“They say, ‘You’re a palliative care doctor and I got referred to you. What does this mean? Am I dying?’ ” Ying said. “I have to explain to them, ‘No. Your doctors referred you to me because they felt your quality of life, your symptom burden, was potentially poor and there’s something we can do about that — so you could live better.’ ”
The biggest misconception about palliative care is that it’s only for final-stage cancer patients, Ying told The Catholic Register.
Palliative care doesn’t necessarily kick in when a patient has just weeks or months to live. It’s any care which puts the question of a cure to one side and concentrates on easing pain, making patients more comfortable, helping them live a better quality of life.
After two years of working in palliative care Ying has come to Toronto’s St. Michael’s Hospital to apply palliative care to patients with chronic conditions other than cancer, diseases such as chronic obstructive pulmonary disease and liver disease. These are patients who aren’t necessarily facing death in the near term, but their lives can be restricted by their conditions.
Ying’s palliative care consultancy is an experimental program taking shape in the St. Michael’s department of family and community medicine. She’s looking for ways to measure the impact her consulting service has on both patients and family doctors, nurse practitioners, nurses and others who provide care.
“When I chose to be a physician it was born out of a desire to make people feel better. I found that the conventional way I was taught medicine really didn’t adequately teach me how to be very patient- centred. That’s what I found about palliative care. I found it’s very much about finding out more about the patient.”
The one thing people do get right about palliative care is that there isn’t enough of it to go around.
“If you speak to palliative care physicians, the general consensus is that you will never have enough palliative care physicians to see everyone who needs palliative care,” Ying said.
In 2011 the Parliamentary Committee on Palliative and Compassionate Care found that only 16 to 30 per cent of Canadians who need it actually receive palliative care.
The Royal College of Physicians and Surgeons of Canada and the College of Family Physicians of Canada upgraded palliative medicine into an accredited subspecialty in early December. It’s something that may attract more doctors into the field, said Ying, but the real solution is getting more family doctors involved.
If family doctors could get a little help from experts when they deal with patients who require palliative care they could do the job. Part of Ying’s role at St. Michael’s is doing just that.
“A family doctor can e-mail me or phone me and say, ‘Hey, I’ve got this situation,’ ” she said.
Opponents of legalizing euthanasia and assisted suicide often make the argument that universal access to palliative care is the better solution. The main opposition to legal assisted suicide in the United Kingdom is a coalition called Care Not Killing. The Canadian Society of Palliative Care Physicians has labelled Quebec’s Bill-52, which would reclassify assisted suicide as a form of end-of-life care, as “A bill that will cause confusion and suffering.”
“We are deeply concerned that this bill tries to introduce euthanasia in veiled terms by giving it a new name and incorporating it to the world of palliative care,” said Alberte Dery, president of the Palliative Care Network of Quebec.
Ying wants to stay away from the political and philosophical battles that surround her profession.
“That’s not really what I focus on here in this clinic,” she said.
She does frequently help patients who are not yet terminal to think about their desires for medical treatment at the end of life.

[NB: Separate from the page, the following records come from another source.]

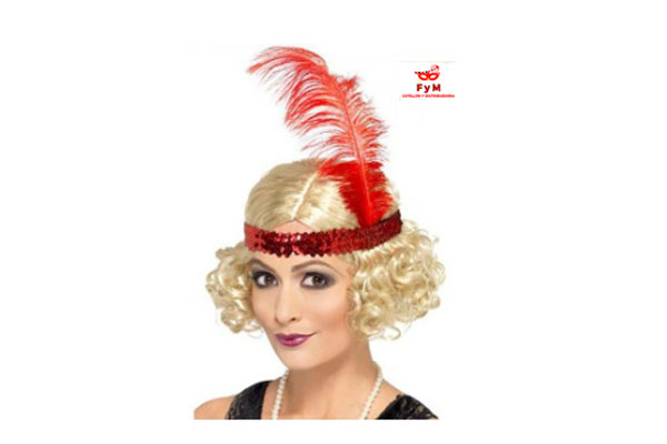 / PELUCA CHARLESTON RUBIA (incluye vincha con pluma)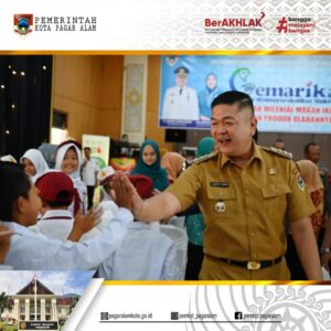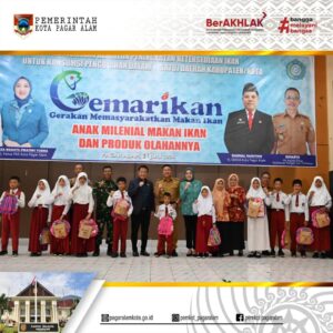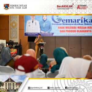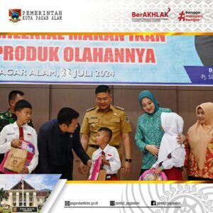 PAGAR ALAM – Pj Walikota Pagar Alam H. Lusapta Yudha Kurnia didampingi oleh Pj Ketua TP-PKK kota Pagar Alam Liza Rahayu Pratiwi Yudha hadiri sekaligus buka kegiatan Penyerahan Paket Olahan Gerakan Memasyarakatkan Makan Ikan (GEMARIKAN) Tahun 2024, yang diselenggarakan oleh Dinas Ketahanan Pangan dan Perikanan. Bertempat di Gedung Balai Kota Pagar Alam, pada Senin (22/07/2024).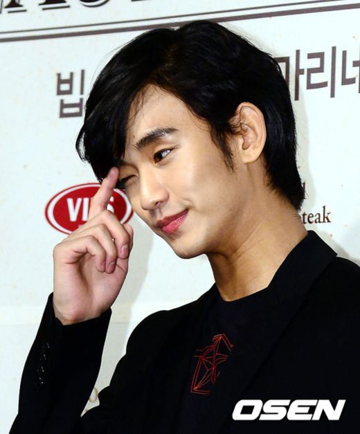 11일 오전 여의도 CGV에서 진행된 빕스 오리엔탈 마리네이드 스테이크 런칭 기념 '스테이크&토크쇼'에서 김수현이 머리를 만지고 있다.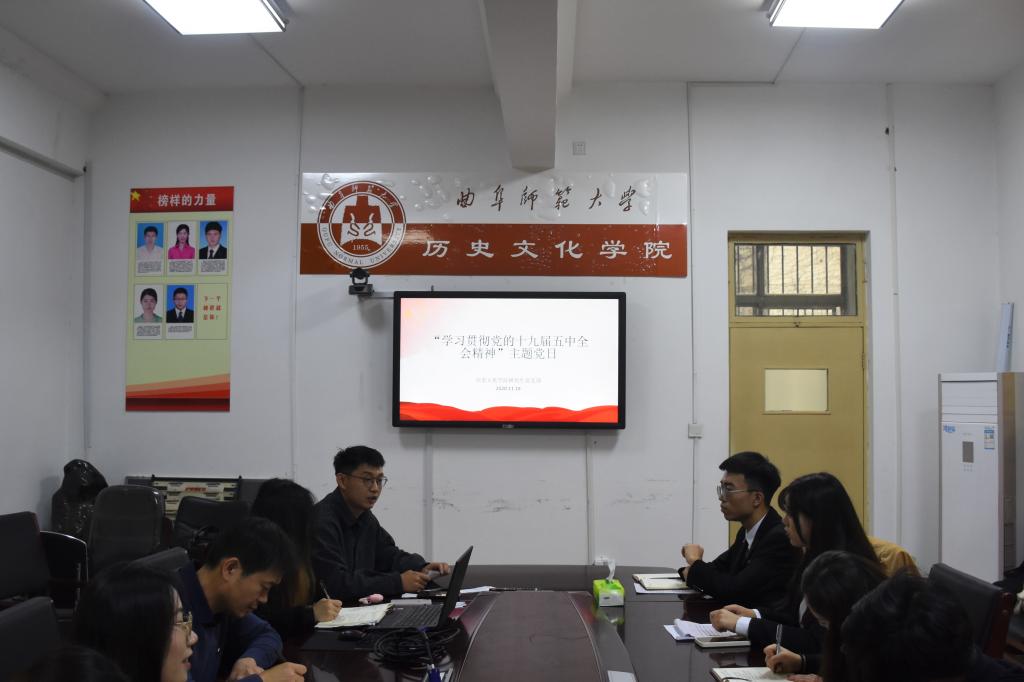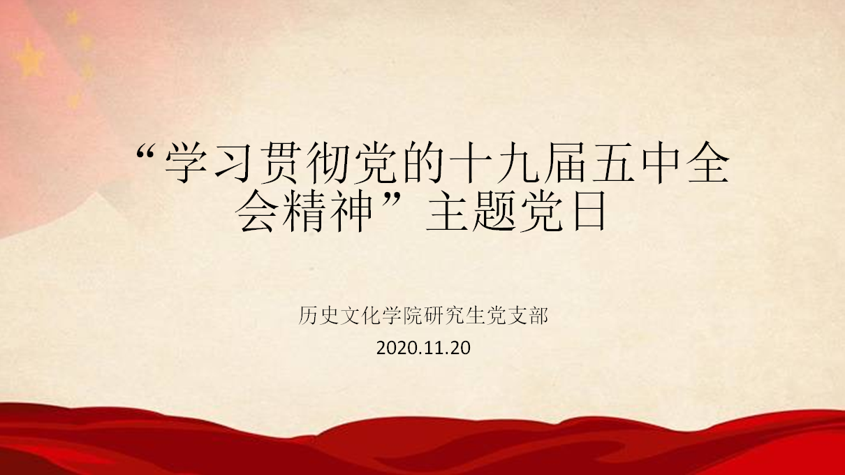 11月20日下午3点,成人短视频 研究生党支部在文史楼二楼会议室举行“学习贯彻党的十九届五中全会精神”主题党日活动。研究生党支部书记孙锋同志主持活动,研究生党支部宣传委员徐丽砚同志领学,支部全体党员同志参加了本次党日活动。

She even helps some to put together advance-care directives.
“There’s this special attention paid to the end of life, but really I see it very much as a continuum,” she said. “Discussing advance-care planning is not any different than any other preventative measure we take as palliative care physicians or as family doctors or just doctors in general. We really advocate preventative care, and I think this is a part of that.”
Living with the uncertainty and stress of an unknown journey into the final days of life is hard on patients. But it’s just as hard on families.

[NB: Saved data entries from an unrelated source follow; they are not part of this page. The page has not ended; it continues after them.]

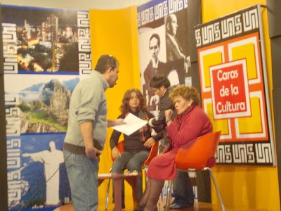 Lima (Pérou) 2010.- Sur un après midi froid et humide de l'hiver a Lima notre doux poète Miriam R. Krüger est interviewé par la sortie de son livre de poésie " Sentir" dans la chaine tv JN19 programme "Caras de la Cultura "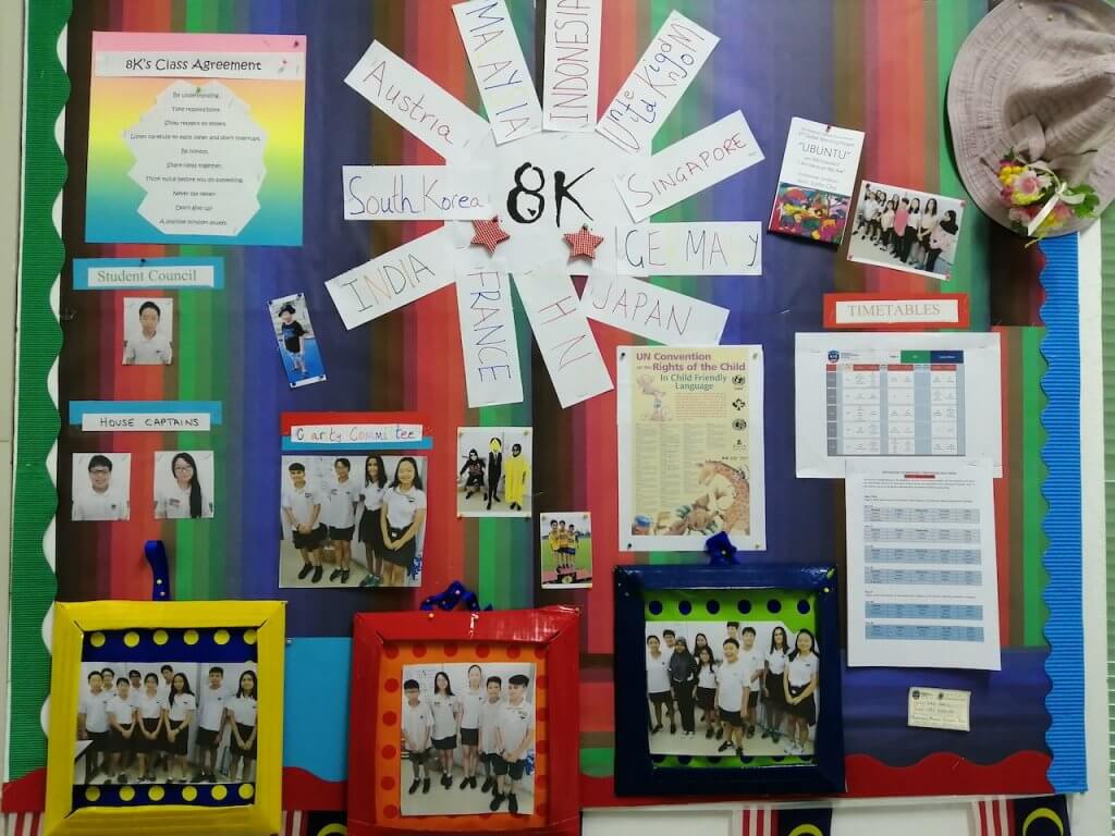 Most classrooms in the Secondary building are used as ‘homerooms’ for a class. Room S2A is the ‘home’ for 8K. Each room has a designated noticeboard for its resident class.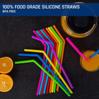50 Pack Bent Reusable Straws, Bpa-free, 9" Colorful Hard Plastic Stripe Drink...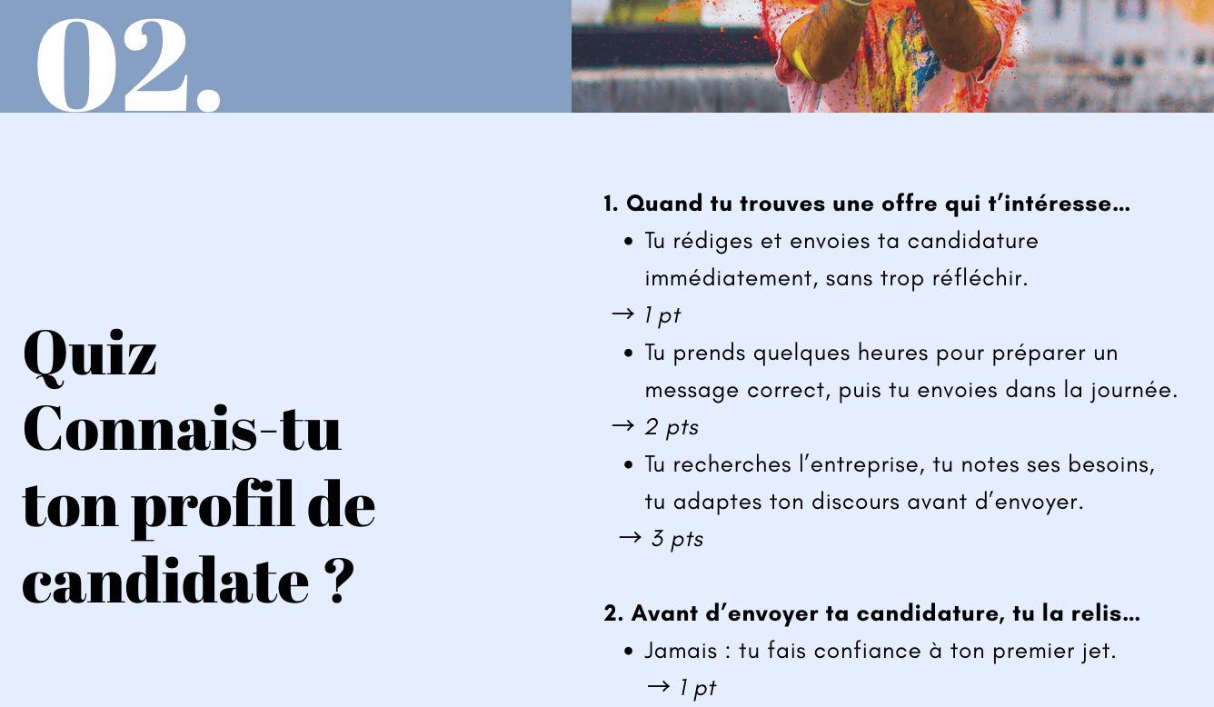Un quiz pour connaître ton profil de candidate et tes points forts

“There are levels of post- traumatic stress among family members of (intensive-care unit) patients. So there’s a lot of emotional burden that comes along with that,” Ying said.

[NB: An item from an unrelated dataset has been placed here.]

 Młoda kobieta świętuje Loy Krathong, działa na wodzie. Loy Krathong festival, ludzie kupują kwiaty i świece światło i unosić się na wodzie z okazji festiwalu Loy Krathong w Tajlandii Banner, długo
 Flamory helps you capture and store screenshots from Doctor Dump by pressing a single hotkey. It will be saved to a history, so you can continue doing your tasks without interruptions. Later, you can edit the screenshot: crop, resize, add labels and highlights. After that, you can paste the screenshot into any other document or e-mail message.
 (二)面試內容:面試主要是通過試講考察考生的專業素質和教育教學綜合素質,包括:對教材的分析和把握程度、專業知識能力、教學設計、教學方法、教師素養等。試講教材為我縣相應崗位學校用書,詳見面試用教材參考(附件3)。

Arguing over what Mom would have wanted the doctors to do or not do doesn’t ease that stress at all. Advance-care directives are a preventative care measure for the whole family.
Ying talks to patients early on about “their philosophy of care.”
A patient’s approach to end- of-life medicine doesn’t stand alone. It’s something that goes with their whole approach to life, their experience of family, their understanding of themselves and all the ultimate questions about God, heaven, redemption and hope.
“(I’m) talking to family members about that so that when something does come up I can help them, guide them in their decision making and they will get a better sense of what their loved one wants,” Ying said. “So it’s good for the patient. It’s good for the well-being of families as well… The evidence shows that when we don’t have these discussions that patients do suffer. It comes back to that quality of life, which is what palliative care is all about.”
Ying doesn’t prod at her patients’ philosophy of life in a consulting room as though she were giving them a physical. She visits patients in their homes.
“If you look at the art hanging on the wall, I think you just get a better sense of who that person is,” she said. “And you’re better equipped to support them in their decision making.”